Good day fellow forumites

I would like inform you that in an endeavour to ensure the efficacy and pleasant appearance of the forum we have made a small change to the display of ribbons and medals, specifically ribbons and medals awarded for posts, trophy points and likes (received for posts).

Currently ribbons are awarded for 150+ posts, 500+ posts and 100+ trophy points. Medals are awarded for 1500+ posts, 10 000+ posts, 50 000+ posts and 100 000+ posts.

Going forward lower ranking ribbons will be replaced by higher ranking ribbons as new awards (with respect to posts) are awarded. The same will occur for medals and in the case of medals ranking higher than ribbons these ribbons will be replaced by medals.

What this means is that if you are currently in possession of a 150+ ribbon and attain 500+ posts, your 150+ ribbon will be replaced with the 500+ ribbon.
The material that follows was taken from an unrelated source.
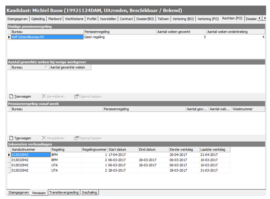 In FlexService worden de inkomstenverhoudingen getoond bij de kandidaat in het tabblad Rechten (BO/FO) ondertab Pensioen.
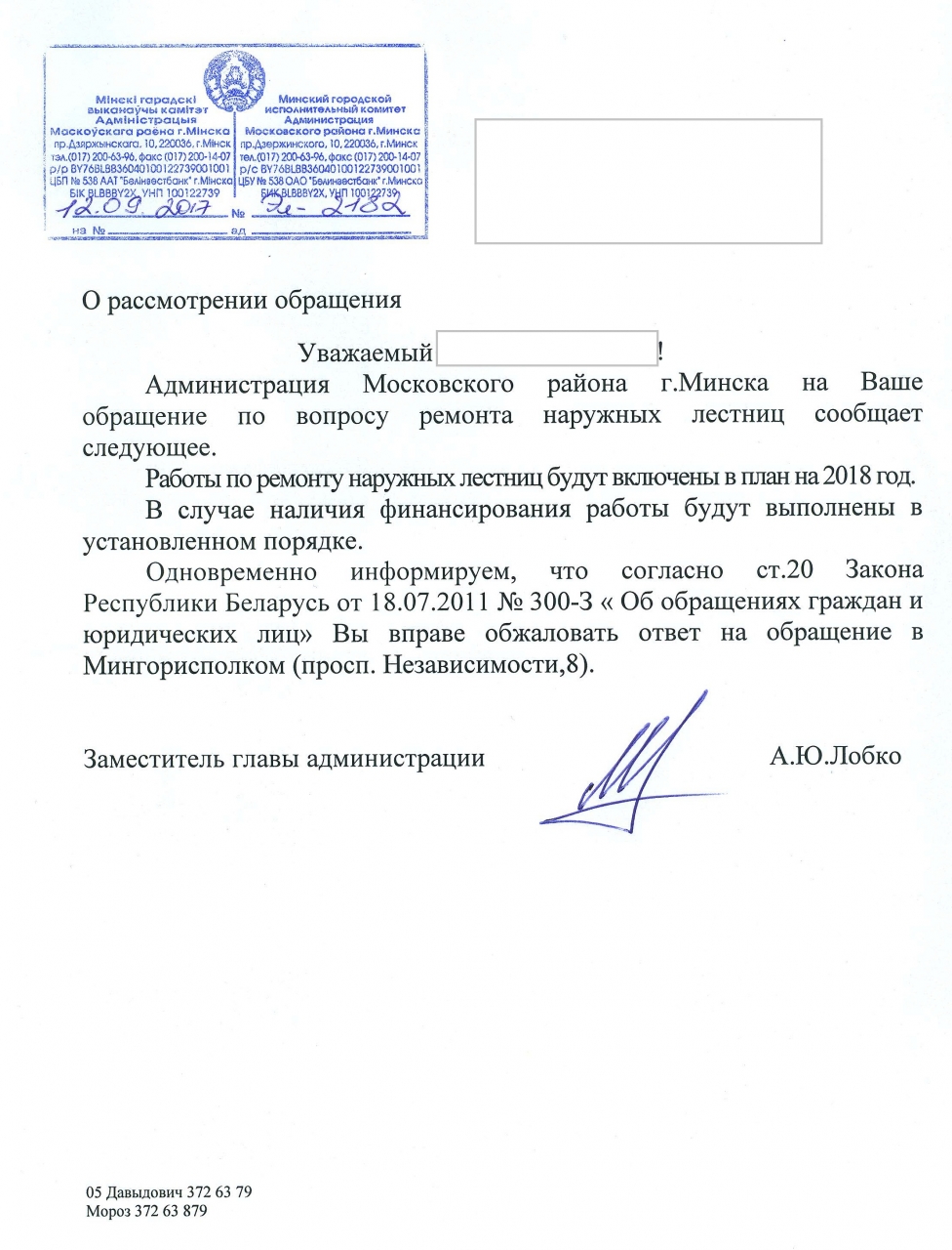 Во дворах домов 107 и 117 по улице Есенина много лет находятся 3 пешеходные лестницы в ненадлежащем состоянии. Начиная с 20 декабря 2015 года писали о проблеме через сайт 115.бел. Заявки закрывали с формулировкой: "Произведен ремонт лестницы", однако, лестницы так и оставались в неисправном состоянии. Последующие запросы постоянно ставятся на контроль и сроки ремонта постоянно переносятся из-за "недостаточного финансирования". В очередной раз ремонт перенесли на март 2018 года. Прошу принять меры и привести эти лестницы в надлежащее состояние, так как все они ведут к школе и двум детским садам, по ним ежедневно ходят люди. В таком состоянии лестницы представляют опасность, особенно в зимнее время, так как зимой они превращаются в горки.

If you attain 1500+ posts, your 500+ ribbon will be replaced with the 1500+ posts medal.

The advantages of following this process are that 1) each person's avatar will look neater and more compact (allowing for more posts to be visible on one screen) and 2) It would highlight your most recent achievement.

We as the awards team ask for your patience in this endeavour as we will need to exact these changes per member.

Thank you for your time and consideration,
The Awards Team

Reactions: Like 9 | Agree 3


----------



## crack2483 (28/5/14)

Running out of space on your chest, general? 

Sent from my SM-N9005 using Tapatalk

Reactions: Funny 4


----------



## TylerD (28/5/14)

Cool stuff! Sounds great. Will look much neater.

Reactions: Agree 1


----------



## RevnLucky7 (28/5/14)

"Mamma, take this badge from me...."

Reactions: Funny 1


----------



## johan (28/5/14)

Makes absolute sense, some members here already look like veterans meeting daily at the M.O.T.H.

Reactions: Funny 1


----------



## annemarievdh (28/5/14)

That is a very good change. I actually wondered a wile back why it doesn't work like that. Hats of to the team!!


----------



## Silver (29/5/14)

Good stuff team!


----------